WebUI

Протокол

Задание №41

Назад к заданию

**Summary of the Conversation:**

**1. Infrastructure Overview:**
- **Cloud Components:** Kubernetes clusters, MS SQL servers (2 instances), and cloud-based systems.
- **On-Premises Systems:** 1С (accounting software) managed by Alexander Polikaniy, and other critical systems. The on-premises setup is described as a "safety number" (critical infrastructure) requiring enhanced security measures.

**2. Key Security Concerns:**
- **Redundancy & Backups:** 
  - Cloud systems are considered adequately protected.
  - On-premises systems lack hot backups, posing a risk. The team plans to address this by implementing hot backups and ensuring redundancy.
- **Access Controls:** 
  - Active Directory (AD) is integrated, but local accounts are minimal. They emphasize the need to review user permissions, privileged accounts, and password policies across Windows, Linux, and databases.
  - Concerns about outdated passwords for integration accounts and lack of enforcement for user accounts.

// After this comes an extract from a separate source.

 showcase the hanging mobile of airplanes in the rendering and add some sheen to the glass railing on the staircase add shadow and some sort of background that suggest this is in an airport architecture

**3. Compliance & Audits:**
- **Central Bank (ЦБ) Check:** 
  - An audit is scheduled for late October, potentially including IT compliance checks.
  - The team is preparing to ensure all systems meet regulatory requirements, with a focus on availability, access controls, and backup strategies.
- **IT Governance (ITGC):** 
  - They plan to review access controls, user permissions, password policies, and other governance controls. A checklist will be prepared for internal auditors.

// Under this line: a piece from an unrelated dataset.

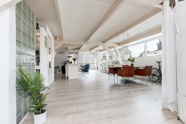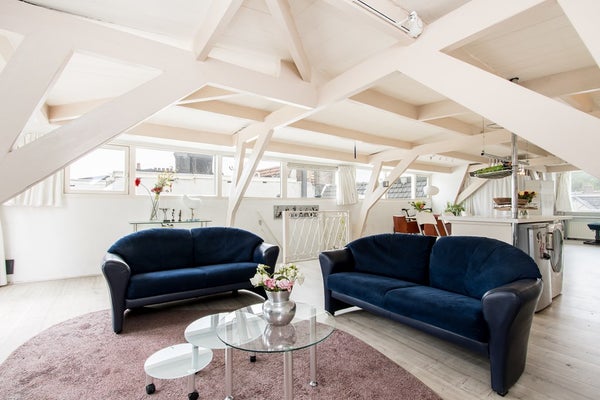 Het penthouse biedt alle ruimte voor zithoek, eethoek, studiecorner, enz.

**4. Collaboration & Next Steps:**
- **Team Coordination:** 
  - Collaboration with the 1С administrator (Alexander Polikaniy) and other teams is necessary for a comprehensive audit.
  - Internal auditors will be involved, with a focus on hot backups, redundancy, and security policies.
- **Project Prioritization:** 
  - The team is prioritizing security and compliance over optimization projects, as the Central Bank audit is a critical deadline.

**5. Challenges & Risks:**
- **On-Premises Vulnerabilities:** 
  - The on-premises infrastructure is a "safety number," requiring immediate attention to prevent data loss or downtime.
  - Lack of hot backups and outdated password policies for integration accounts are flagged as risks.

**6. Action Items:**
- **Audit Preparation:** 
  - Finalize ITGC checklist, review access controls, and ensure hot backups for on-premises systems.
  - Coordinate with the 1С team and internal auditors for a thorough compliance check.
- **Security Enhancements:** 
  - Implement stricter password policies, enforce regular password changes, and ensure redundancy for critical systems.

**Conclusion:**
The conversation highlights the need for a focused effort on securing the on-premises infrastructure, aligning with regulatory requirements, and ensuring robust backup and access control strategies before the Central Bank audit in late October. Collaboration across teams and adherence to IT governance standards are critical to addressing these challenges.